Nadav Har-Tuv, Author at Towards Data Science

Coverage vs. Accuracy: Striking a Balance in Data Science

Nadav Har-Tuv — Tue, 16 Apr 2024 16:19:20 +0000

Cover image by chatGPT

This post was written together with and inspired by Yuval Cohen

Introduction

Every day, numerous data science projects are discarded due to insufficient prediction Accuracy. It’s a regrettable outcome, considering that often these models could be exceptionally well-suited for some subsets of the dataset.

Data Scientists often try to improve their models by using more complex models and by throwing more and more data at the problem. But many times there is a much simpler and more productive approach: Instead of trying to make all of our predictions better all at once, we could start by making good predictions for the easy parts of the data, and only then work on the harder parts.

This approach can greatly affect our ability to solve real-world problems. We start with the quick gain on the easy problems and only then focus our effort on the harder problems.

Thinking Agile

Agile production means focusing on the easy data first, and only after it has been properly modelled, moving on the the more complicated tasks. This allows a workflow that is iterative, value-driven, and collaborative.

It allows for quicker results, adaptability to changing circumstances, and continuous improvement, which are core ideas of agile production.

Iterative and incremental approach: work in short, iterative cycles. Start by achieving high accuracy for the easy problems and then move on to the harder parts.
Focus on delivering value: work on the problem with the highest marginal value for your time.
Flexibility and adaptability: Allow yourself to adapt to changing circumstances. For example, a client might need you to focus on a certain subset of the data – once you’ve solved that small problem, the circumstances have changed and you might need to work on something completely different. Breaking the problem into small parts allows you to adapt to the changing circumstances.
Feedback and continuous improvement: By breaking up a problem you allow yourself to be in constant and continuous improvement, rather than waiting for big improvements in large chunks.
Collaboration: Breaking the problem into small pieces promotes parallelization of the work and collaboration between team members, rather than putting all of the work on one person.

Breaking down the complexity

In real-world datasets, complexity is the rule rather than the exception. Consider a medical diagnosis task, where subtle variations in symptoms can make the difference between life-threatening conditions and minor ailments. Achieving high accuracy in such scenarios can be challenging, if not impossible, due to the inherent noise and nuances in the data.

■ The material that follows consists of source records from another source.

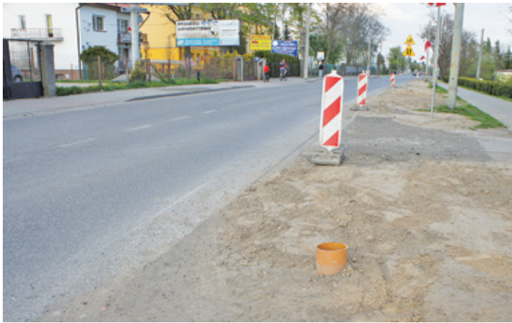
Zgodnie z umową remont zakończy się w połowie października

Rozpoczęty w marcu remont ul. Chyliczkowskiej do tej pory przynosił pewne utrudnienia – głównie pieszym. Po weekendzie sytuacja zmieniła się diametralnie. Biorąc pod uwagę, że zamknięty jest już odcinek ul. Puławskiej i fragment ul. Kościuszki, należy spodziewać się ogromnych utrudnień na miejskich drogach.
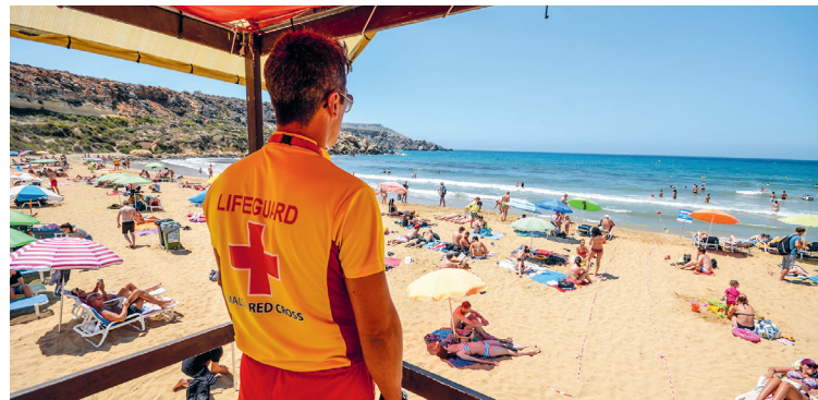
De zon bakt, de lifeguard let op en het zand schittert als goud. Daarom heet de baai ook Golden Bay en is het het beste strand van Malta

strandkiosk worden nu in een nieuw gebouw bij de parkeerplaats goedkope snacks voor strandgangers geserveerd. Zeer informeel – dresscode badkleding! Op de bovenverdieping met terras gaat het er gedistingeerder aan toe; van okt. tot mei zit hier een hippe eettaak met superuitzicht en Italiaanse keuken.
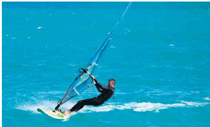
Der Dümmer See ist für seine vielen verschiedenen Wassersportmöglichkeiten, wie zum Beispiel Windsurfing, bekannt und beliebt. (Symbolfoto)

An den Strandbars, in der Gastronomie und im Marissa Resort gibt es ganz unterschiedliche musikalische Events. z.B. das Abschiedshafenkonzert des Shanty-Chors Grawiede am 7. Juli bei Schlick. Am 24. August wird die komplette Strandgastronomie in Lembruch mit dem „Dümmer Leuchten“ Lembruch musikalisch und illuminiert „ins rechte Licht rücken“. Und vielerorts rund um den See finden traditionelle Schützenfeste statt. Das Marissa Resort lädt zu
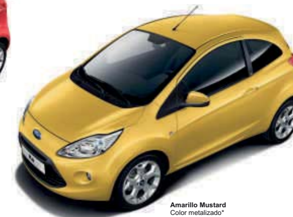
Amarillo Mustard Color metalizado*

This is where the idea of Coverage comes into play. Coverage refers to the portion of the data that a model successfully predicts or classifies with high confidence or high precision. Instead of striving for high accuracy across the entire dataset, researchers can choose to focus on a subset of the data where prediction is relatively straightforward. By doing so, they can achieve high accuracy on this subset while acknowledging the existence of a more challenging, uncovered portion.

For instance, consider a trained model with a 50% accuracy rate on a test dataset. In this scenario, it’s possible that if we could identify and select only the predictions we are very sure about (although we should decide what "very sure" means), we could end up with a model that covers fewer cases, let’s say around 60%, but with significantly improved accuracy, perhaps reaching 85%.

I don’t know any product manager who would say no in such a situation. Especially if there is no model in production, and this is the first model.

The two-step model

We want to divide our data into two distinct subsets: the covered and the uncovered. The covered data is the part of the data where the initial model achieves high accuracy and confidence. The uncovered data is the part of the data where our model does not give confident predictions and does not achieve high accuracy.

In the first step, a model is trained on the data. Once we identify a subset of data where the model achieves high accuracy, we deploy that model and let it run on that subset – the covered data.

In the second step, we move our focus to the uncovered data. We try to develop a better model for this data by collecting more data, using more advanced algorithms, feature engineering, and incorporating domain-specific knowledge to find patterns in the data.

At this step, the first thing you should do is look at the errors by eye. Many times you will easily identify many patterns this way before using any fancy tricks.

An example

This example will show how the concept of agile workflow can create great value. This is a very simple example that is meant to visualize this concept. Real-life examples will be a lot less obvious but the idea that you will see here is just as relevant.

Let’s look at this two-dimensional data that I simulated from three equally sized classes.

num_samples_A = 500
num_samples_B = 500
num_samples_C = 500

# Class A
mean_A = [3, 2]
cov_A = [[0.1, 0], [0, 0.1]]  # Low variance
class_A = np.random.multivariate_normal(mean_A, cov_A, num_samples_A)

# Class B
mean_B = [0, 0]
cov_B = [[1, 0.5], [0.5, 1]]  # Larger variance with some overlap with class C
class_B = np.random.multivariate_normal(mean_B, cov_B, num_samples_B)

# Class C
mean_C = [0, 1]
cov_C = [[2, 0.5], [0.5, 2]]  # Larger variance with some overlap with class B
class_C = np.random.multivariate_normal(mean_C, cov_C, num_samples_C)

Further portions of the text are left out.